Constrained Online Convex Optimization with Memory and Predictions
This work addresses practical problems like control of constrained dynamical systems and scheduling, but it is incremental as it extends existing unconstrained frameworks to include constraints and memory.
The paper tackles constrained online convex optimization with memory, where losses and constraints depend on past decisions, by proposing algorithms that achieve sublinear regret and constraint violation under time-varying constraints, both with and without predictions, with performance improving as prediction accuracy increases.

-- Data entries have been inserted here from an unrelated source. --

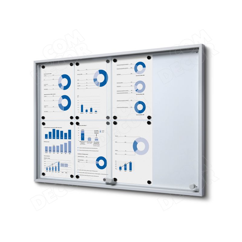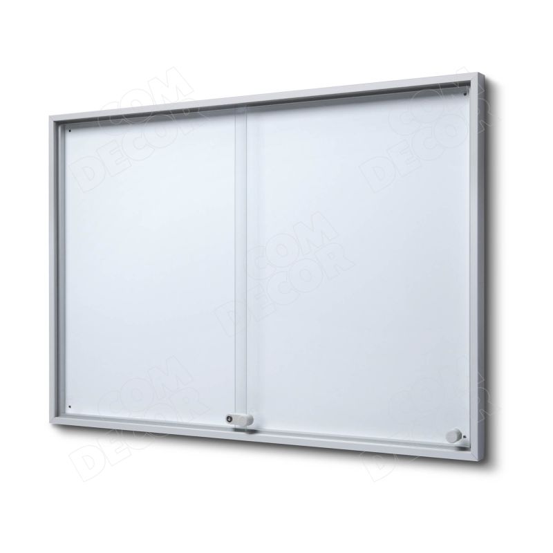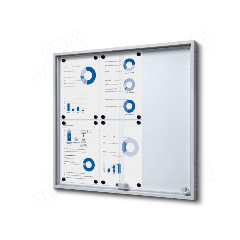 Lukustatav liugustega teadetetahvel / infostend. Infolehed kinnitatakse magnetitega. Tagaseinale on võimalik kirjutada tahvlimarkeriga.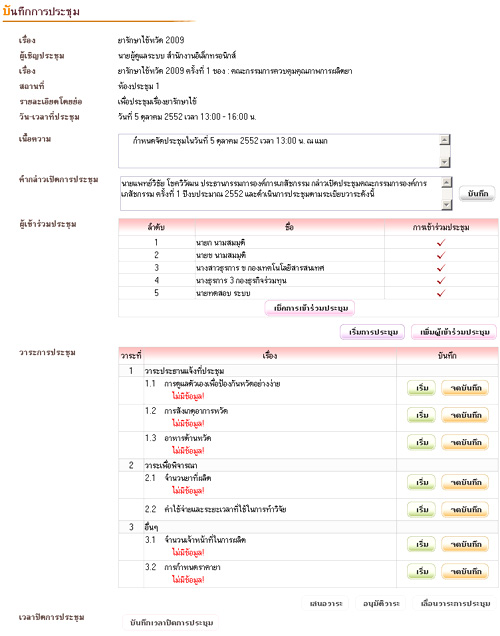 เมื่อประชุม วาระการประชุมที่สร้างไว้สามารถถ่ายโอนข้อมูลมาสร้างเป็น e-Form สำหรับการบันทึกการประชุมได้โดยอัตโนมัติ ซึ่งสามารถลงบันทึกชื่อผู้เข้าร่วมประชุม รวมทั้งผู้ที่ได้รับมอบอำนาจมาประชุมแทน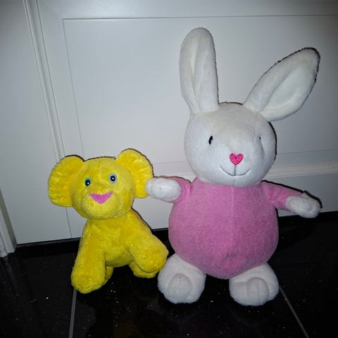 De kjente og søte bamsene til Karsten og Petra. Lite brukt og i god stand. Frøken kanin har til og med en poncho som ørene stikker ut av 😉 12-åringen selger leker hun ikke bruker lengre. Hentes på Sandnes eller fiks ferdig!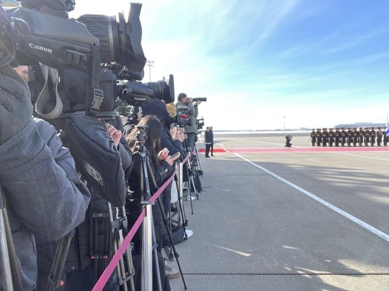 抵達(dá)時,俄方在機場舉行隆重迎賓儀式。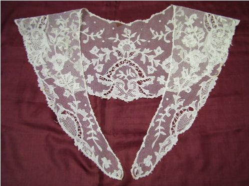 Comments: A very good Duchesse de Bruxelles collar. Nice scalloped bobbinlace design with raised work, and 3 inserts of Point de Gaze roses. Some damage to the needlelace ground in places, but else very good.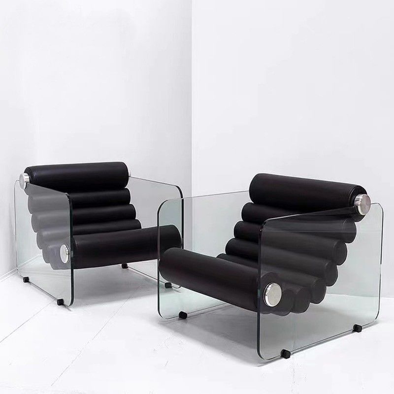 This Italian minimalist clear acrylic lounge single chair is suitable for both personal relaxation and social occasions, combining clear acrylic and creative toughened glass with a leather-like texture that creates a captivating visual effect. The comfortable seat also adds an artistic and modern touch to the interior space.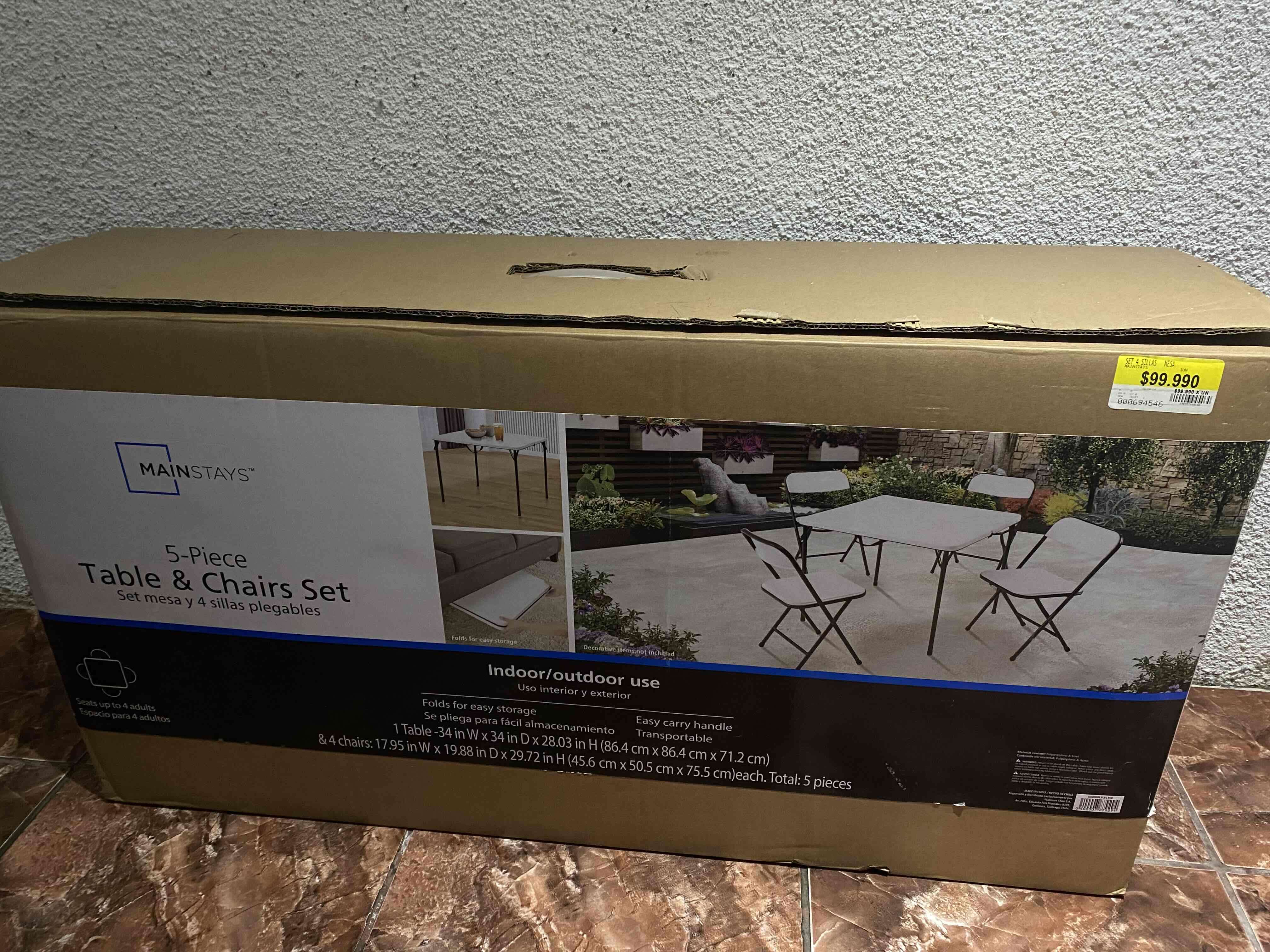 Set de 5 piezas para interior y exterior, ideal para reuniones. Incluye una mesa plegable y cuatro sillas. Nuevo en caja.

We study Constrained Online Convex Optimization with Memory (COCO-M), where both the loss and the constraints depend on a finite window of past decisions made by the learner. This setting extends the previously studied unconstrained online optimization with memory framework and captures practical problems such as the control of constrained dynamical systems and scheduling with reconfiguration budgets. For this problem, we propose the first algorithms that achieve sublinear regret and sublinear cumulative constraint violation under time-varying constraints, both with and without predictions of future loss and constraint functions. Without predictions, we introduce an adaptive penalty approach that guarantees sublinear regret and constraint violation. When short-horizon and potentially unreliable predictions are available, we reinterpret the problem as online learning with delayed feedback and design an optimistic algorithm whose performance improves as prediction accuracy improves, while remaining robust when predictions are inaccurate. Our results bridge the gap between classical constrained online convex optimization and memory-dependent settings, and provide a versatile learning toolbox with diverse applications.